# Data supplied
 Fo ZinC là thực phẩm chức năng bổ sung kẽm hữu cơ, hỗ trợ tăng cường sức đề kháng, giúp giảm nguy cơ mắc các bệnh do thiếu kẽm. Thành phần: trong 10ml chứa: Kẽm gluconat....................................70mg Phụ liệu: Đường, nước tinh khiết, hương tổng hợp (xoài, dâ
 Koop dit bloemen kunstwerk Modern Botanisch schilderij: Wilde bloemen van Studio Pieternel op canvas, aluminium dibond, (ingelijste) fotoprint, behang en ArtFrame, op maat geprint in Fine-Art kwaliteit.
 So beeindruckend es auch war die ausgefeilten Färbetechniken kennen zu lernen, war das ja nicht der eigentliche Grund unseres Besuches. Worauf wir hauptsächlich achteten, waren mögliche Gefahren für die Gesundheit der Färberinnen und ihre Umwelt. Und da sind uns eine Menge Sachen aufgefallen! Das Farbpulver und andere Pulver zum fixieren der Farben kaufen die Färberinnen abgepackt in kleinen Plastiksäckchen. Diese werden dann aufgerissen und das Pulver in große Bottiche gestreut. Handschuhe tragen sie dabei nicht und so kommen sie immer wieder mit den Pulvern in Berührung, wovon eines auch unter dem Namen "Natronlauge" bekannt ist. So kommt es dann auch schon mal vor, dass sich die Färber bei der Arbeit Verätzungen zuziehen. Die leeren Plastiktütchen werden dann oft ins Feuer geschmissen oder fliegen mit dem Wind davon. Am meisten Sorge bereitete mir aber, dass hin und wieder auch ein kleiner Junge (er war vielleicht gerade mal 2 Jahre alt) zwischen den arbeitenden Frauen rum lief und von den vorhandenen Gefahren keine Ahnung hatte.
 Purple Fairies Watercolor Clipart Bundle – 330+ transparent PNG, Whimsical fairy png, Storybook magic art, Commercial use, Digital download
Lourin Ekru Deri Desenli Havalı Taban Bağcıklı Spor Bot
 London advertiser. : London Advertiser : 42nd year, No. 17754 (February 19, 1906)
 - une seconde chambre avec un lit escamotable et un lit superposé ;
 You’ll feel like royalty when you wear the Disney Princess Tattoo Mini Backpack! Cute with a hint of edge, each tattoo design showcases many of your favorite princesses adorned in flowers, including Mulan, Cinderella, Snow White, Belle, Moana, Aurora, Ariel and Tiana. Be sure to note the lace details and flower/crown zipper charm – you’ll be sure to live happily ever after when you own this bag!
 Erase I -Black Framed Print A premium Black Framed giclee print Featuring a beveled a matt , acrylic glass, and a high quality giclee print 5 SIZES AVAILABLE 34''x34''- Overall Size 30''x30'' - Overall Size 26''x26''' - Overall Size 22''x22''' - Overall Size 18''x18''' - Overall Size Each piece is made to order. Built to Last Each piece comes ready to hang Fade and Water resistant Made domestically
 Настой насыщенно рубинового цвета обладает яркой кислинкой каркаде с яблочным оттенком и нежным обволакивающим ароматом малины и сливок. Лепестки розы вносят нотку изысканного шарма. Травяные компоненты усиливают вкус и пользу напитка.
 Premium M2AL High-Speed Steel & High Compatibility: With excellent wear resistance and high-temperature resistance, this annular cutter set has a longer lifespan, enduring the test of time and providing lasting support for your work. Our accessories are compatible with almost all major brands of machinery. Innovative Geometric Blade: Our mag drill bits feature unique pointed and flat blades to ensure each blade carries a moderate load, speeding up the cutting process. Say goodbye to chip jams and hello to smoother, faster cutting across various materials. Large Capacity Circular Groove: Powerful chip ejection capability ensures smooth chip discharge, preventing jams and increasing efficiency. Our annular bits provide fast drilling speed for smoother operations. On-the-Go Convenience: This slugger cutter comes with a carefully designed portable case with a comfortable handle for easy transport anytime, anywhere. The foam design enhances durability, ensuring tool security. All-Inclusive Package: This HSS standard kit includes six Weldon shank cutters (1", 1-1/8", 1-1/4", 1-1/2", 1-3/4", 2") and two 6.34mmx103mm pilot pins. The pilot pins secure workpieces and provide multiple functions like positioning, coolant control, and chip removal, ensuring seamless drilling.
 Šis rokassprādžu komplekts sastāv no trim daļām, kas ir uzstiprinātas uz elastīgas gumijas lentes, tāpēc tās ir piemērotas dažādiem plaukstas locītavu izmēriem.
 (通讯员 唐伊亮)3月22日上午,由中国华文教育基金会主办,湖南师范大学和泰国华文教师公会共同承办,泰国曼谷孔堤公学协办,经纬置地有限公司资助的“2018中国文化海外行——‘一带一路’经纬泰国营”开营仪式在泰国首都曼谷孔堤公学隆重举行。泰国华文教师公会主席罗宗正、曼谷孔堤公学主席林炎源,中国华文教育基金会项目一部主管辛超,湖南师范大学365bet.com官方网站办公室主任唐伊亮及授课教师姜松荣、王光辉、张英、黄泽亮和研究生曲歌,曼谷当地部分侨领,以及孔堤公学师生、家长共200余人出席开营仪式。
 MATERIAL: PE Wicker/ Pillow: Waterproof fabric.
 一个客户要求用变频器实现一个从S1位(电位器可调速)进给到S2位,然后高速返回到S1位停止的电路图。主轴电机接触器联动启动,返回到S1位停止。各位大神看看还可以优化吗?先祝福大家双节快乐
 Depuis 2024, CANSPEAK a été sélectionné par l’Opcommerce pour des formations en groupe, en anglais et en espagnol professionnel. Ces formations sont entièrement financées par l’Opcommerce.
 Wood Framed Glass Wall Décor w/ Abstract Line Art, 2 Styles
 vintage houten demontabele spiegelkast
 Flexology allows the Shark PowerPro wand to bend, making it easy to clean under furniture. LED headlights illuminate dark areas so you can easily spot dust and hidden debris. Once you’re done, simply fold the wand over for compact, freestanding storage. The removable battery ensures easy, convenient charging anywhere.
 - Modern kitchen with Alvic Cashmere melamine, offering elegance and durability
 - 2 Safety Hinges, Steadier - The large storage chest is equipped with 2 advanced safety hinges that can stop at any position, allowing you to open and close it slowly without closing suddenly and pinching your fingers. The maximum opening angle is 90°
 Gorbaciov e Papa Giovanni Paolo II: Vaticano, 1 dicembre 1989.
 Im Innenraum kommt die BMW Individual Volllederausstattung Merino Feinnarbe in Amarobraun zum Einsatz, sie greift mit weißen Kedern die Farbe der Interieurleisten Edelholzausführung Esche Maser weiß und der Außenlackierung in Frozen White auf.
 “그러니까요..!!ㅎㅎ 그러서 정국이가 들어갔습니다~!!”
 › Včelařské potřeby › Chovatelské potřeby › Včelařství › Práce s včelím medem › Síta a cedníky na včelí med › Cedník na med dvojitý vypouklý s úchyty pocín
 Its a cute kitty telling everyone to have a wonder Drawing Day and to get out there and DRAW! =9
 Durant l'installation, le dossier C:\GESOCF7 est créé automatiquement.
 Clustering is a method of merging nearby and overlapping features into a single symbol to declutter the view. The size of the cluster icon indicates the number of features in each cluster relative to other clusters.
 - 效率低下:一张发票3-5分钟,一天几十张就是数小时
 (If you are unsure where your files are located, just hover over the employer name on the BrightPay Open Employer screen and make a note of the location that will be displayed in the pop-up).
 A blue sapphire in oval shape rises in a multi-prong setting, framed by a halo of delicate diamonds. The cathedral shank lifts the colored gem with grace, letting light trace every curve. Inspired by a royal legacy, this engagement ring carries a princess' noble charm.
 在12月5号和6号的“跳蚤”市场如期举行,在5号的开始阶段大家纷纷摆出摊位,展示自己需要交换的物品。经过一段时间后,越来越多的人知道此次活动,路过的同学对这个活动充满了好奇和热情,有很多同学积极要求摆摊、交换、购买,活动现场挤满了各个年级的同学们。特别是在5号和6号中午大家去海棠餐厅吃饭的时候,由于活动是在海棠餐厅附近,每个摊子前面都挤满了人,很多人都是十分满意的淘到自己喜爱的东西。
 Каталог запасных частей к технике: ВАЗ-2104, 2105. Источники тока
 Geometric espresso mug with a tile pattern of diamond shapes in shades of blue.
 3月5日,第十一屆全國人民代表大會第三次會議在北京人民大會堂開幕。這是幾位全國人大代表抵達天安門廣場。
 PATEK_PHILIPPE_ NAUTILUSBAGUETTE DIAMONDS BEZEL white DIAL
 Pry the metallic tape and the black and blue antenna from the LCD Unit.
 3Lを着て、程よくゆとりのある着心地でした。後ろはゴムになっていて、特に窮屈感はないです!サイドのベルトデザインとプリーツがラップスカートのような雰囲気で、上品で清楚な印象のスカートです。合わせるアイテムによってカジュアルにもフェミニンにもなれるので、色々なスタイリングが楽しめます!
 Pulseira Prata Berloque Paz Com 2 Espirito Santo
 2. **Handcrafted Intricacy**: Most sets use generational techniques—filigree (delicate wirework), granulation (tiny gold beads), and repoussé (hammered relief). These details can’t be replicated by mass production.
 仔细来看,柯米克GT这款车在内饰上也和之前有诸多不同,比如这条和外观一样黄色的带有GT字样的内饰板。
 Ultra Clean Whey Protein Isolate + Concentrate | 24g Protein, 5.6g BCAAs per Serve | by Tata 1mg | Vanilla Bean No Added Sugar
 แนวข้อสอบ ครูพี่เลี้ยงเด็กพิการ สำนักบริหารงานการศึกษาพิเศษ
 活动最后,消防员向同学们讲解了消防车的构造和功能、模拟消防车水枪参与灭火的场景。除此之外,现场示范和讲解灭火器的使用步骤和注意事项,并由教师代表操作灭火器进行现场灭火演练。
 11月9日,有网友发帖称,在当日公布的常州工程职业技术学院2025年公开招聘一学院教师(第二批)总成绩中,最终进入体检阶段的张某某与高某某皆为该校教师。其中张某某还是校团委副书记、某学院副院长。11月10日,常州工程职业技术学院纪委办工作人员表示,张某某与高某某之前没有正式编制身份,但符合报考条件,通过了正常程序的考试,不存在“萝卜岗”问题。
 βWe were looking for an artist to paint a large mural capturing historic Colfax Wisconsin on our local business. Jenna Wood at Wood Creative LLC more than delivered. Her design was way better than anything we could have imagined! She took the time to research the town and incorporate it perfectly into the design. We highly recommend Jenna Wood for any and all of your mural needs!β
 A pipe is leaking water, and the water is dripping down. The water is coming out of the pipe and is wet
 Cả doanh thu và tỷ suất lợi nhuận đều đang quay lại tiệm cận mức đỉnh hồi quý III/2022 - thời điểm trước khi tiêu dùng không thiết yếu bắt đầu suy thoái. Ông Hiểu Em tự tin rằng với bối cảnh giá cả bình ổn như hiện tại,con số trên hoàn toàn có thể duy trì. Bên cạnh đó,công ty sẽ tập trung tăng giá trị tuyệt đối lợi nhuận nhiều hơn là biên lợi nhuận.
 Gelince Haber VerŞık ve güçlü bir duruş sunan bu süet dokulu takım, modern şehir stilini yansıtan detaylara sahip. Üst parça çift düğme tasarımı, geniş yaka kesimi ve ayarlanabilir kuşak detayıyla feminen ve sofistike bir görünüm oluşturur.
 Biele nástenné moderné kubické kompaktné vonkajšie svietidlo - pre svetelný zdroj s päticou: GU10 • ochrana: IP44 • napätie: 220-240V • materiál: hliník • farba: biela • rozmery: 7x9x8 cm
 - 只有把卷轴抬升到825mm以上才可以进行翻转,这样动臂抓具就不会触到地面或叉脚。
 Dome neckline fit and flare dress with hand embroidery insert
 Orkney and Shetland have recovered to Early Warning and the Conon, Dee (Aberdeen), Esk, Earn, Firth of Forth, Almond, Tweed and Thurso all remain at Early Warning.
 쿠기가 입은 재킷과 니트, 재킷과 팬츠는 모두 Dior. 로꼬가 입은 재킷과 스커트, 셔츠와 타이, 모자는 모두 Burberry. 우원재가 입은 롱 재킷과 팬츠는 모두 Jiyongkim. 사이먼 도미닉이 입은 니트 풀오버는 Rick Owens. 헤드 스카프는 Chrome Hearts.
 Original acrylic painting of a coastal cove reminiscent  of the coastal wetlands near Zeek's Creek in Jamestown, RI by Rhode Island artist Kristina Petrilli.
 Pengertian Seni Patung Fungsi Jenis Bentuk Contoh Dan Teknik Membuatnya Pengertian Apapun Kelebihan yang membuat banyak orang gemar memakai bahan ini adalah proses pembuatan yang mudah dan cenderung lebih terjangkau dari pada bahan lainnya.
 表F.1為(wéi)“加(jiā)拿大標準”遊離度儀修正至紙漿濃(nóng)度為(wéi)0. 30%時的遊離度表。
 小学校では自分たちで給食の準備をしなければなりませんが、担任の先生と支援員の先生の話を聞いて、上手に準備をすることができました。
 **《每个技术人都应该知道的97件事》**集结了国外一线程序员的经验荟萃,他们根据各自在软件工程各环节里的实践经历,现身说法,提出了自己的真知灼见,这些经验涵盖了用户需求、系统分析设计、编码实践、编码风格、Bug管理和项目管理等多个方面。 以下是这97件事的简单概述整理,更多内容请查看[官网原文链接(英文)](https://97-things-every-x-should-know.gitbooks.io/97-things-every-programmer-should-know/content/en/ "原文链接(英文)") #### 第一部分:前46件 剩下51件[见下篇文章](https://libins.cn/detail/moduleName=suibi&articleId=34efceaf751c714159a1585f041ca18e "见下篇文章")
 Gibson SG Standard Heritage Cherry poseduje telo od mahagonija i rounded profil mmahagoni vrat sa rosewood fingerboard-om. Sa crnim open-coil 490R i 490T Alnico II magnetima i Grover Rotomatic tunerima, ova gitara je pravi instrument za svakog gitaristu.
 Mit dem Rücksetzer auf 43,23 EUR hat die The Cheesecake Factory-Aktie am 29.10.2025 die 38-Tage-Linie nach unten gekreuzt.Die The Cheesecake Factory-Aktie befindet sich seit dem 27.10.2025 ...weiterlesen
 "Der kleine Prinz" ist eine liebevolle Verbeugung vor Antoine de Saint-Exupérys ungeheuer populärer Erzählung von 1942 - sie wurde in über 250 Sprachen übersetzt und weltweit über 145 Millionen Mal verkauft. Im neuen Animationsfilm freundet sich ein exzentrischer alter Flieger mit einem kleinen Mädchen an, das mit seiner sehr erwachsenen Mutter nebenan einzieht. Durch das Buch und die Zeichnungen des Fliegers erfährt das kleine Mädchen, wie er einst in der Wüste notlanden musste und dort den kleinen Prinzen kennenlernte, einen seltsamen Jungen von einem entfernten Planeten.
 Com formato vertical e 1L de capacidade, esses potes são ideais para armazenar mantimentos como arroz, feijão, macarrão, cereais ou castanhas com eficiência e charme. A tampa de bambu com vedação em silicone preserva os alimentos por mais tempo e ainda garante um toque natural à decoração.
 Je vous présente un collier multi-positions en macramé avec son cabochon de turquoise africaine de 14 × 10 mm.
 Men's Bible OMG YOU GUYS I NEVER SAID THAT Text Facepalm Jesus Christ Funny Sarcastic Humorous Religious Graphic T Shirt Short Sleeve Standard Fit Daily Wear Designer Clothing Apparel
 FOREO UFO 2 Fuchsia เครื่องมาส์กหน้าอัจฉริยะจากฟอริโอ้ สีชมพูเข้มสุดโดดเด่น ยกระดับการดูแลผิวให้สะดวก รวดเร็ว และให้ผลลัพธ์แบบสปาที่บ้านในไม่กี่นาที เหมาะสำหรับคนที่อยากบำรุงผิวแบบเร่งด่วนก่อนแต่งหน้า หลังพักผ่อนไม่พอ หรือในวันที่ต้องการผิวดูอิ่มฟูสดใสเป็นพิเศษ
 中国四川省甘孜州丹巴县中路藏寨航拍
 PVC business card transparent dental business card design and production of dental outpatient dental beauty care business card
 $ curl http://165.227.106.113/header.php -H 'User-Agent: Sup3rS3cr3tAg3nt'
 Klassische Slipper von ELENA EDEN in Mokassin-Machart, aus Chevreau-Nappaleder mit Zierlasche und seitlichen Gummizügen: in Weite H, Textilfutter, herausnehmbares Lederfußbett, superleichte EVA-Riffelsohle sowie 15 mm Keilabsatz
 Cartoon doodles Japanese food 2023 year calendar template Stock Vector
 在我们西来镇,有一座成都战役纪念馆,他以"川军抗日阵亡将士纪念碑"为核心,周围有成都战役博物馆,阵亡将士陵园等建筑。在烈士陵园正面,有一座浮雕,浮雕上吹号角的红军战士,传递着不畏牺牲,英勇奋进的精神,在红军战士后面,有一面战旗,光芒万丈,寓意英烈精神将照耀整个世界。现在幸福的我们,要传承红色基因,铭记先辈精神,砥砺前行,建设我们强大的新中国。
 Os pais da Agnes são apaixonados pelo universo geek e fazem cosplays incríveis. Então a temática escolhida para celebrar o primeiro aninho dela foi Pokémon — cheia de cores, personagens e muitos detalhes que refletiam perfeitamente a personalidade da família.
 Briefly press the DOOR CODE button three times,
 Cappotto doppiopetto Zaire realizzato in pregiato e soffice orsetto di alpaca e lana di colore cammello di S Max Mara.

# Task statement
Going down the listing above, begin printing at the line with "Orkney and Shetland" and finish with the line with "小学校では自分たちで給食の準", exactly as they appear.

# Response for this exercise
 Orkney and Shetland have recovered to Early Warning and the Conon, Dee (Aberdeen), Esk, Earn, Firth of Forth, Almond, Tweed and Thurso all remain at Early Warning.
 쿠기가 입은 재킷과 니트, 재킷과 팬츠는 모두 Dior. 로꼬가 입은 재킷과 스커트, 셔츠와 타이, 모자는 모두 Burberry. 우원재가 입은 롱 재킷과 팬츠는 모두 Jiyongkim. 사이먼 도미닉이 입은 니트 풀오버는 Rick Owens. 헤드 스카프는 Chrome Hearts.
 Original acrylic painting of a coastal cove reminiscent  of the coastal wetlands near Zeek's Creek in Jamestown, RI by Rhode Island artist Kristina Petrilli.
 Pengertian Seni Patung Fungsi Jenis Bentuk Contoh Dan Teknik Membuatnya Pengertian Apapun Kelebihan yang membuat banyak orang gemar memakai bahan ini adalah proses pembuatan yang mudah dan cenderung lebih terjangkau dari pada bahan lainnya.
 表F.1為(wéi)“加(jiā)拿大標準”遊離度儀修正至紙漿濃(nóng)度為(wéi)0. 30%時的遊離度表。
 小学校では自分たちで給食の準備をしなければなりませんが、担任の先生と支援員の先生の話を聞いて、上手に準備をすることができました。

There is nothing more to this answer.